The Big 12, Colorado, Utah, and Why You Should Steer Clear of “Agrees That”

College American football and I had been total strangers. But just today, we were introduced by longtime reader Chris Lemens, who sent me a link to this Substack post about how the Big 12 Conference (a collection of college sports teams that play competitively against each other) signed deals with the University of Colorado and the University of Utah. Uh, yay team!

But instead of getting the college-football spirit, instead I found myself focusing on the author’s misunderstanding of a section in each “admission agreement”, because it reminds us of something to watch out for.

Here are the two sections at issue. First, there’s Colorado’s revenue-sharing provision:

And next, there’s Utah’s:

Here’s what the author said about the highlighted parts of each:

It was previously reported that both Utah and Colorado will receive full revenue distributions from the Big 12 and that only Colorado was given a $2.5 million signing bonus. Comparing Section 3 on revenue sharing from both agreements, Colorado failed to document the Big 12’s commitment to grant that full revenue distribution – only agreeing with itself that it would get the full distribution.

“Colorado agrees” versus “Conference and Utah agree”

So according to the author, it appeared that Colorado had failed to secure the agreement of the Big 12 to the specified arrangement, whereas Utah didn’t make that mistake.

But agree that (and agrees that) is what I call “throat-clearing”—a redundant verb structure tacked on the front of what is the part that matters. All agrees that accomplishes is say that the party in question is OK with what follows. But we know that already, because as you’d expect, the lead-in to each of the contracts in question says, regarding both parties, that “the undersigned hereby agree as follows”. The idea that Colorado would be stuck with a sterile agreement with itself doesn’t reflect how contracts work.

But what the author thought the provisions said serves as a useful reminder—purge contracts of agrees that and other forms of throat-clearing! That which is redundant not only wastes reader brain cells, it can also cause confusion. In this case, only a writer was confused, but throat-clearing might result in a dispute between the parties. It might also confuse judges; see this 2015 blog post for an example of that.

In this case, it would be easy to imagine a disgruntled contract party appealing to the legalistic mindset by saying that the difference in how the two provisions begin must mean something, and then using that to wrest some advantage.

The writer goes on to say that Colorado was “saved by boilerplate language” from suffering any consequences from its mistake. In this too, the writer is mistaken, but no broader lesson would be gained from explaining that, so I won’t!

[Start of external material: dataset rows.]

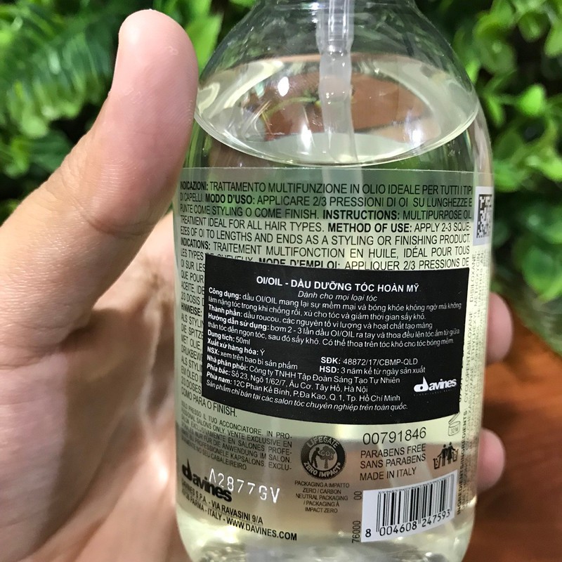 Lợi ích: mang đến độ bóng và mềm đặc biệt cho tóc hoạt động gỡ rối và tái tạo cấu trúc chống rối xù hoạt động chống oxy hóa và chống gốc tự do mạnh CÁCH SỬ DỤNG: Cho tác dụng chống rối xù, bơm 2-3 lần dầu OI / OIL ra tay, thoa đều lên phần thân và ngọn tóc ẩm, rồi sấy. Cho hiệu ứng bóng và mềm, bơm 2-3 lần dầu OI / OIL ra tay, thoa lên phần thân và ngọn tóc khô. Lượng dầu sử dụng có thể thay đổi tùy theo từng loại tóc: chỉ sử dụng 1 lần bơm cho tóc mỏng, trong trường hợp tóc vừa hoặc dày, bắt đầu với 2 đến 3 lần bơm, sau đó dùng thêm nếu cần thiết. CÁC CỠ SẢN PHẨM: 50 ml, 135 ml THÀNH PHẦN HOẠT ĐỘNG TỰ NHIÊN: Dầu Roucou - chống lão hóa, chống gốc tự do mạnh; Silicon tự thở - tạo lớp màng bảo vệ cho mọi loại tóc; Lần đầu ra mắt tại Cosmoprof 2011 OI / OIL hiện là sản phẩm số 1 của Davines. OI /OIL là sản phẩm Vô Hại.
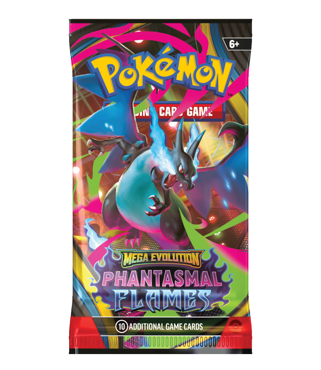 Searing blue flames rip across a dark battlefield as Mega Charizard X ex soars up and looks down upon its opponents! With a deep chill to rival the heat, the shadowy figure of Mega Gengar ex slowly rises into view, and both Pokémon prepare to attack. Determined to prove their mettle, Mega Heracross ex, Mega Lopunny ex, and even more Pokémon line up to give it their all in the Pokémon TCG: Mega Evolution—Phantasmal Flames expansion!
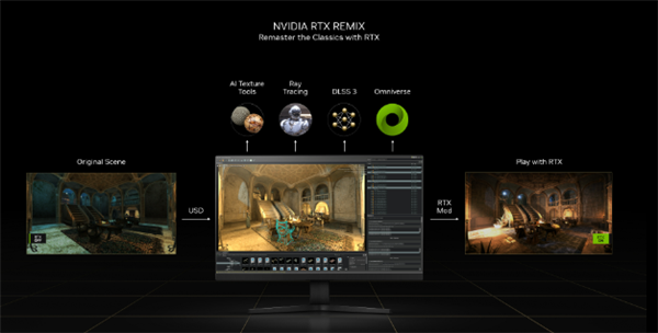 由此,RTX Remix 可将资产和场景转换为被广泛采用的 USD开放式 3D 框架,可以轻松导入到RTX Remix 应用或任何其他 Omniverse 应用或连接器中,并提供可视化工作流程。这种方式可以使得Modder们能够在重置各种不同游戏时延续使用已掌握的技能,而无需学习大量专有工具。

(As a bonus, go here for a 2020 post on throat-clearing.)

About the author

Ken Adams is the leading authority on how to say clearly whatever you want to say in a contract. He’s author of A Manual of Style for Contract Drafting, and he offers online and in-person training around the world. He’s also chief content officer of LegalSifter, Inc., a company that combines artificial intelligence and expertise to assist with review of contracts.

3 thoughts on “The Big 12, Colorado, Utah, and Why You Should Steer Clear of “Agrees That””

  1. Ken:

    There’s also the construction of “shall participate” in both agreements. By participate, they mean receive. And there’s a discussion in MSCD on how “receive” operates much like a passive voice structure. So it would have been better to say that the conference shall pay.